■ PROBLEM STATEMENT ■
Retrieve each line that contains the word "with" from the entries below.

■ DATA UNDER STUDY ■
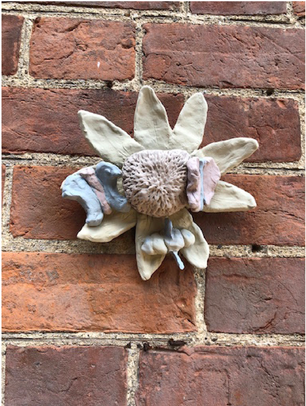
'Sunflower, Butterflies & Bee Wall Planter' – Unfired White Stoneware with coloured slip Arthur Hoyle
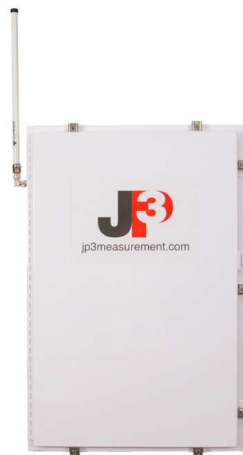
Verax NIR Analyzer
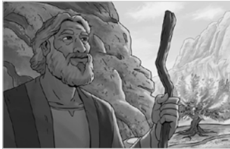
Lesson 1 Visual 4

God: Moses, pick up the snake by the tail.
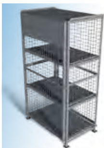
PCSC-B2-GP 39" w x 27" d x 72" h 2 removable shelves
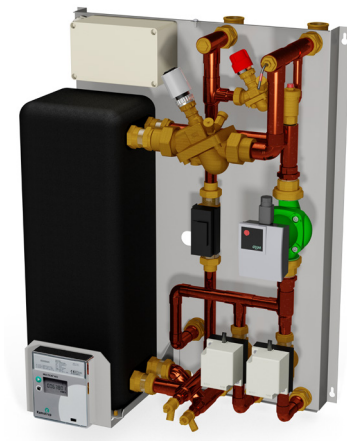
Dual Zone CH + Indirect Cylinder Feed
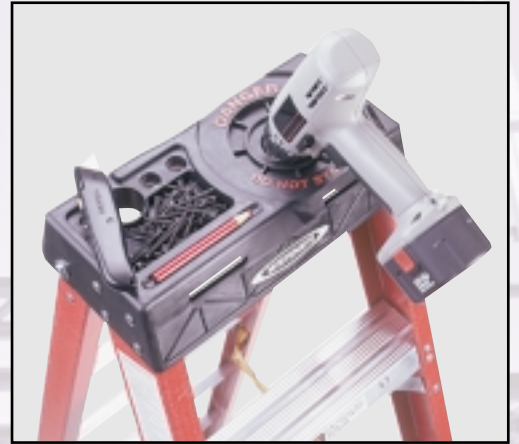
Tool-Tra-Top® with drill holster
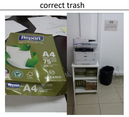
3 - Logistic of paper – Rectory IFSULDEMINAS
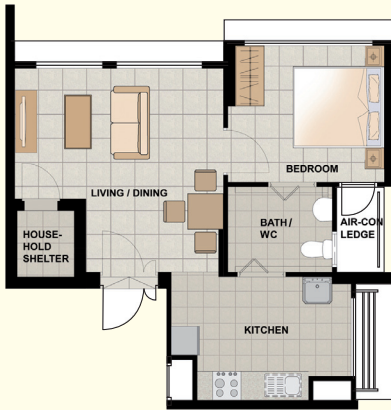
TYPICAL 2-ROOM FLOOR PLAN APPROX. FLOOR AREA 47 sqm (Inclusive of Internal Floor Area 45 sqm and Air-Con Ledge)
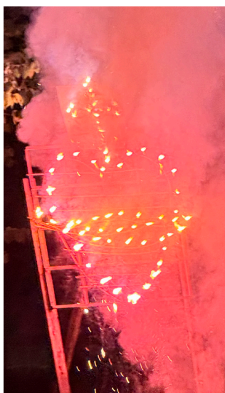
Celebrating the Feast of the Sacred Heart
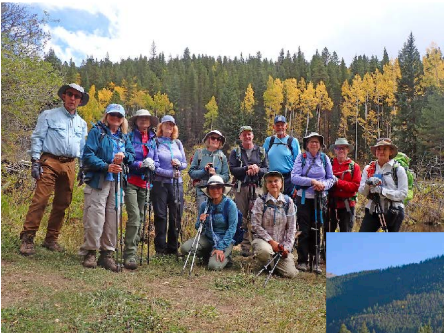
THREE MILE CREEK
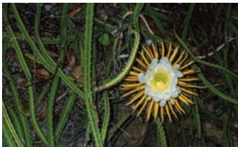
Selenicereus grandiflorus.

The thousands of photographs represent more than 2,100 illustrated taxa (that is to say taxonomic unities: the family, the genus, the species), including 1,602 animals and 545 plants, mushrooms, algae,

■ EXERCISE RESULT ■
'Sunflower, Butterflies & Bee Wall Planter' – Unfired White Stoneware with coloured slip Arthur Hoyle
Tool-Tra-Top® with drill holster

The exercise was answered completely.